Occasionally a strange day will just sneak up on you. Last week I had such a day and only now, after a few hearty meals, some good nights of rest, and more than one cold shower, am I ready to write about it.
It all started when I was doing my morning sweeper route. The very last car on my route was from out of state. I won't say where so as to save that state, a state I've been to and admire, a lot of embarrassment. The vehicle in question was TEN YEARS out of registration. I didn't mean to shout back there, but in my ten years of doing this job, I've never seen a vehicle that delinquent. Now obviously, this person drove the car here to California recently with the full intention of registering it here and being a good citizen. Either that or they were just trying to get over on the system. Either way, after pushing my eyeballs back into my head, I had the vehicle towed away.
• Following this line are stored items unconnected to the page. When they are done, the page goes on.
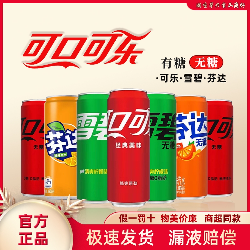 新日期無糖可口可樂雪碧芬達零糖碳酸飲料330ml易拉罐零度汽水無
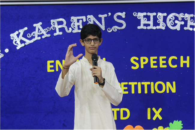 English Speech Competition of class IX was held on 25th Aug,2022. Fifteen students participated in the competition and gave excellent performances. The comparing was done by Vaishnavi of class IX E and the competition was judged by Tasneem Khan ma’am and Shahnawaz Sir. The winners of the competition were 1st position: Nidhi of Std. IX I, 2nd position: Aryan Priyam of Std. IX J and Padmaja Anant of Std. IX A,3rd position: Pragya Ranjan of Std. IX D and Ashish Ranjan of Std. IX C.
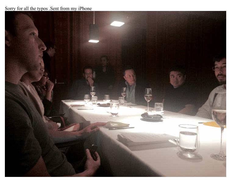 O jantar é mencionado em uma resposta a um e-mail de 20 de agosto de 2015 do bilionário Tom Pritzker. Epstein fez referência a esse jantar e mencionou várias personalidades influentes, incluindo Elon Musk, Peter Thiel e Reid Hoffman. "Ainda não tenho certeza. Jantei com Zuckerberg, Musk, Thiel, Hoffman; selvagem", diz o documento. No entanto, ele não forneceu detalhes sobre o que aconteceu durante o jantar.
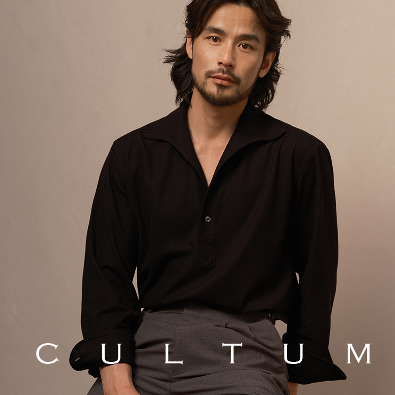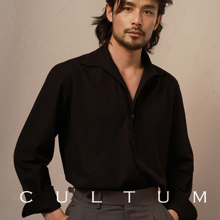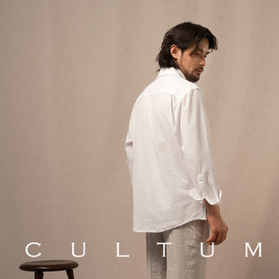 男夏季 衬衫 轻薄纯色休闲复古衬衣 一片领长袖 CULTUM100%珠地棉意式

The mind reels (well, mine does anyway - and frequently) at the cost in penalties, towing, fines, and other charges this person has racked up because they made the mistake of leaving their car where it shouldn't have been. After all, if it had been on the other side of the street, I would have driven by and not even noticed it. Mistakes can be costly as we can see.
After that, the day got weirder. I heard a call go out to the police about a pig (yes, a real one - be careful now) that was running amok in the street. This type of call is most unusual as we don't get a lot of pigs doing this. Most of our pigs are quite well-behaved, thank you very much. Listening to the police chatter about it on the radio was amusing, but I'm just glad the pig was not illegally parked or I might have been called to the scene. I can only handle a pig if it is sliced into bacon and put on a cheeseburger.
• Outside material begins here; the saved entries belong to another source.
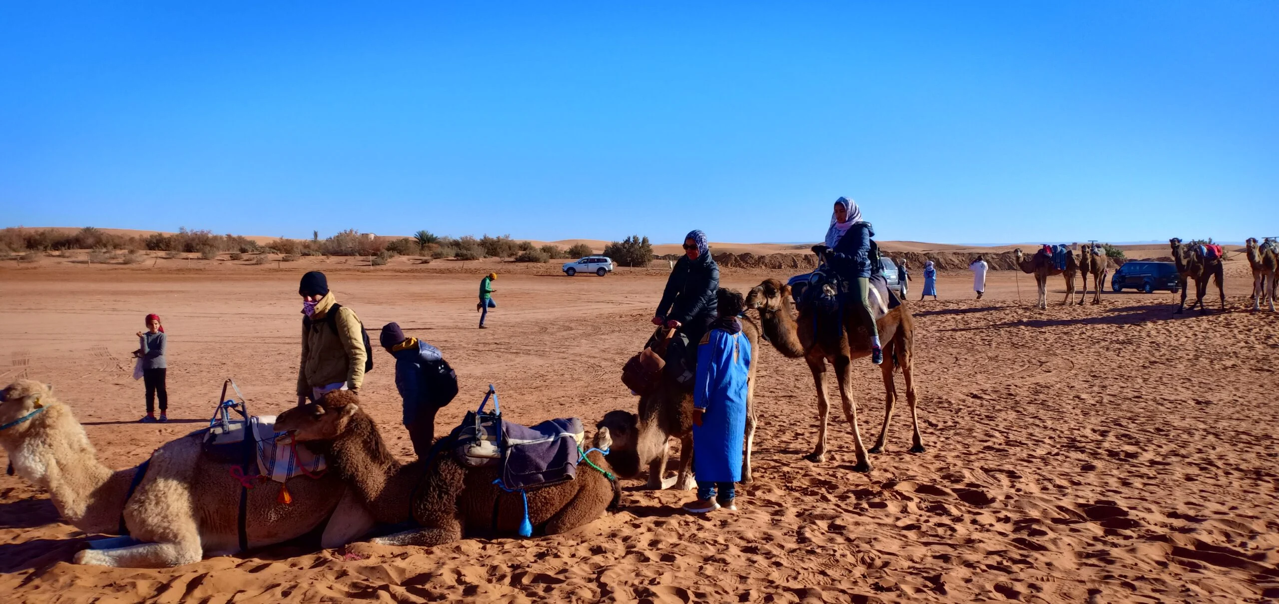 - Balade à dos de chameau dans les dunes dorées de l’Erg Chebbi
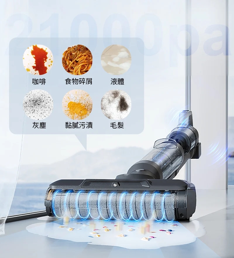 前後雙滾刷加倍清潔效率,吸塵、拖地一次到位
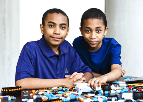 To test the new smart Legos, we enlisted the help of two extraordinary young men: Carson Huey-You, 14, who graduated from Texas Christian University this past May with a degree in physics, and his brother, Cannan, 11, who graduated from high school the same month. So, once again: Carson graduated college at 14, Cannan graduated high school at 11.

Later in the day, another strange call came in. This time I happened to be in the office doing some paperwork (oh, the drudgery of it all), and a blind woman called to complain about loud squirrels that were at her window taunting her. .... I'm going to let you sit with that last sentence for a while. ........
Okay, we're back. I don't know what she expected the police to do about this. The last squirrel arrest on record was way back in '42 and that wasn't for taunting, it was for nut stealing. Make your own joke, if you must. I suppose there were many ways for this woman to handle what was for her, obviously, a difficult situation, all of them better than calling the cops.
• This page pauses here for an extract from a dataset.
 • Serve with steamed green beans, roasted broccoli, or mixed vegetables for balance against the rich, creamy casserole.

You would think that I was through with animals for the day but it was not to be. I got a call from my wife in the afternoon. She was at a clothing boutique with her daughter (my step-daughter) and wanted me to come by right away. Thinking there was some kind of clothing choice emergency, I sped there as only a police vehicle can speed through town. When I went inside, they just wanted to show me that the proprietors of the place had kittens for adoption. A cruel trick. Kittens are hard to resist, but I was forceful (you should have seen me). I put my foot down. Thankfully not on one of the kittens. What a day, what a day.